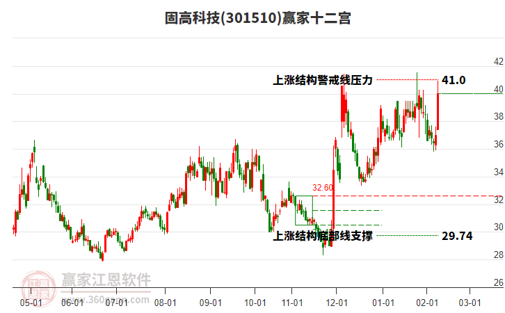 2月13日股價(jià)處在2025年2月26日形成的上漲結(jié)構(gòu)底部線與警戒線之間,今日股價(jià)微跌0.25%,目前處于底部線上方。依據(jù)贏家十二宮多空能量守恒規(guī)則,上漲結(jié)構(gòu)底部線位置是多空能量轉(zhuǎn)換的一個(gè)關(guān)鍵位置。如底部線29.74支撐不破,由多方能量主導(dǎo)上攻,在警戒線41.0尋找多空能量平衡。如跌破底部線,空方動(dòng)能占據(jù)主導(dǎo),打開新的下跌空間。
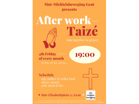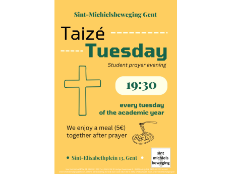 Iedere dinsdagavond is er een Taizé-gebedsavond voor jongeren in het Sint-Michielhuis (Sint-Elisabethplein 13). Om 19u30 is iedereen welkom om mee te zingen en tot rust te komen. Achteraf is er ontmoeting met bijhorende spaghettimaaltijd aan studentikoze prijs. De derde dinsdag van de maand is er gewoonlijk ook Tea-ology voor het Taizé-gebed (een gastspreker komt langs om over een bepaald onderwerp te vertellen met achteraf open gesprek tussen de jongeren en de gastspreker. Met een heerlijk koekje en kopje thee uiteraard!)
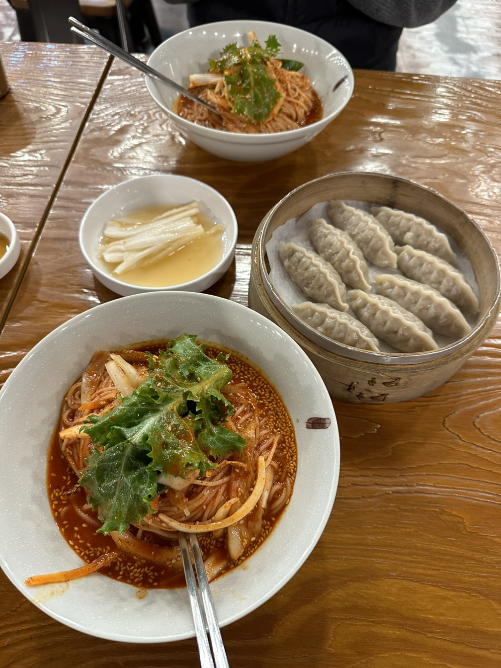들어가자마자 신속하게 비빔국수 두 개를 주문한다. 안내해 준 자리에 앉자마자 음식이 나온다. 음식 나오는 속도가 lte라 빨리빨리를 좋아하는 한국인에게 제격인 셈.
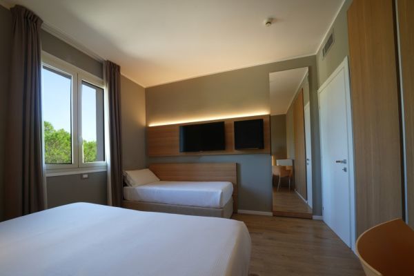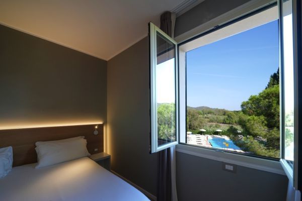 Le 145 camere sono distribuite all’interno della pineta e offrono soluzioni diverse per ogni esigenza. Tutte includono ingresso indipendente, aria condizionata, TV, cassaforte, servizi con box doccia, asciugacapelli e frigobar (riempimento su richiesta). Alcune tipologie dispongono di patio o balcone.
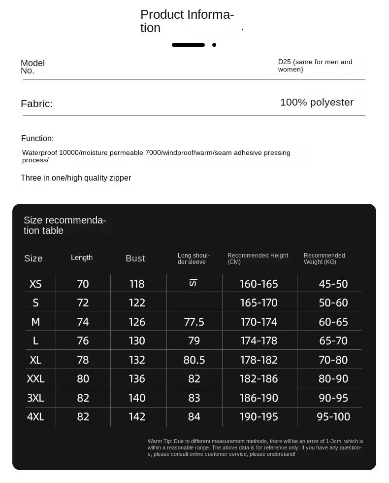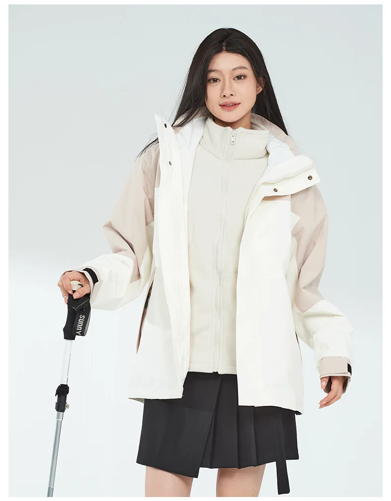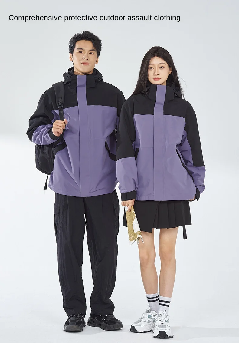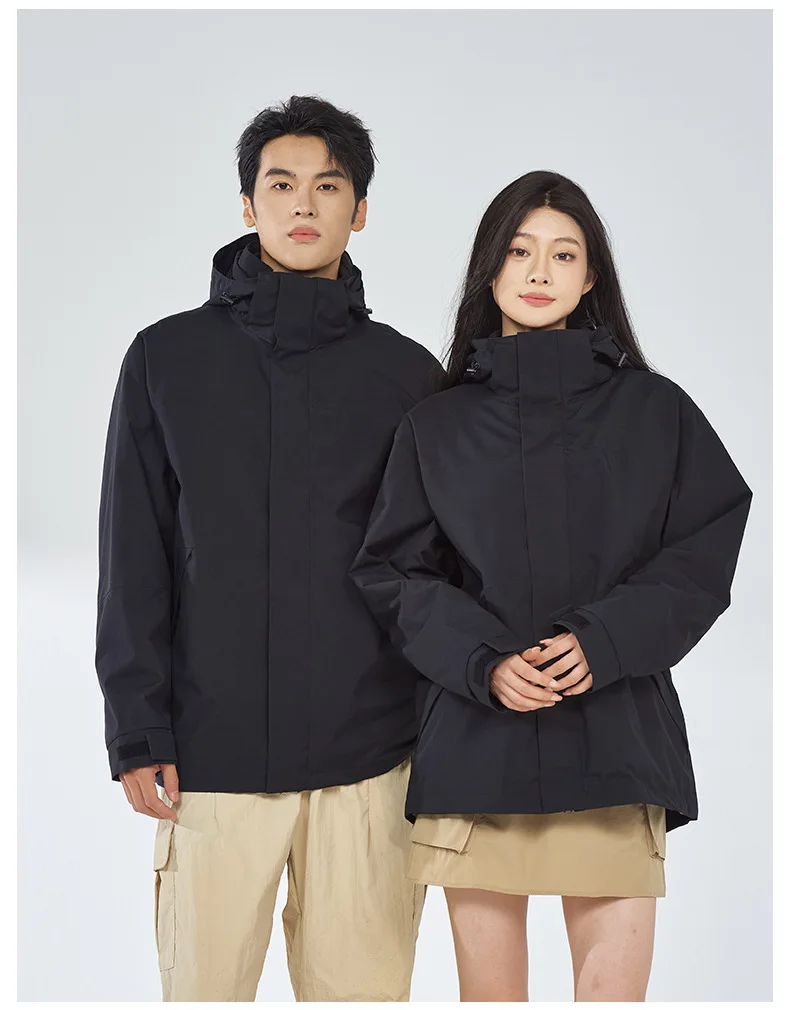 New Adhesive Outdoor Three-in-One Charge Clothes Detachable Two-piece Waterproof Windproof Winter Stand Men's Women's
────────────────
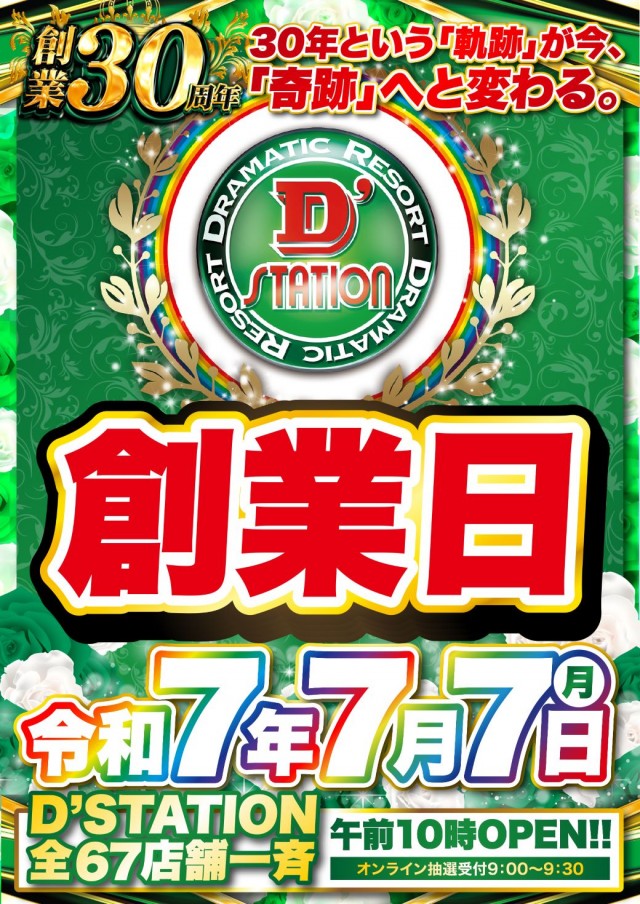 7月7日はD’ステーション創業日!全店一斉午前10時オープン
────────────────
_Required work:_ In the material above, one part opens with the line containing "2月13日股價(jià)處在" and closes with the line containing "New Adhesive Outdoor". Write out that part exactly and skip its pictures.

_Task answer:_
 2月13日股價(jià)處在2025年2月26日形成的上漲結(jié)構(gòu)底部線與警戒線之間,今日股價(jià)微跌0.25%,目前處于底部線上方。依據(jù)贏家十二宮多空能量守恒規(guī)則,上漲結(jié)構(gòu)底部線位置是多空能量轉(zhuǎn)換的一個(gè)關(guān)鍵位置。如底部線29.74支撐不破,由多方能量主導(dǎo)上攻,在警戒線41.0尋找多空能量平衡。如跌破底部線,空方動(dòng)能占據(jù)主導(dǎo),打開新的下跌空間。
 Iedere dinsdagavond is er een Taizé-gebedsavond voor jongeren in het Sint-Michielhuis (Sint-Elisabethplein 13). Om 19u30 is iedereen welkom om mee te zingen en tot rust te komen. Achteraf is er ontmoeting met bijhorende spaghettimaaltijd aan studentikoze prijs. De derde dinsdag van de maand is er gewoonlijk ook Tea-ology voor het Taizé-gebed (een gastspreker komt langs om over een bepaald onderwerp te vertellen met achteraf open gesprek tussen de jongeren en de gastspreker. Met een heerlijk koekje en kopje thee uiteraard!)
들어가자마자 신속하게 비빔국수 두 개를 주문한다. 안내해 준 자리에 앉자마자 음식이 나온다. 음식 나오는 속도가 lte라 빨리빨리를 좋아하는 한국인에게 제격인 셈.
 Le 145 camere sono distribuite all’interno della pineta e offrono soluzioni diverse per ogni esigenza. Tutte includono ingresso indipendente, aria condizionata, TV, cassaforte, servizi con box doccia, asciugacapelli e frigobar (riempimento su richiesta). Alcune tipologie dispongono di patio o balcone.
 New Adhesive Outdoor Three-in-One Charge Clothes Detachable Two-piece Waterproof Windproof Winter Stand Men's Women's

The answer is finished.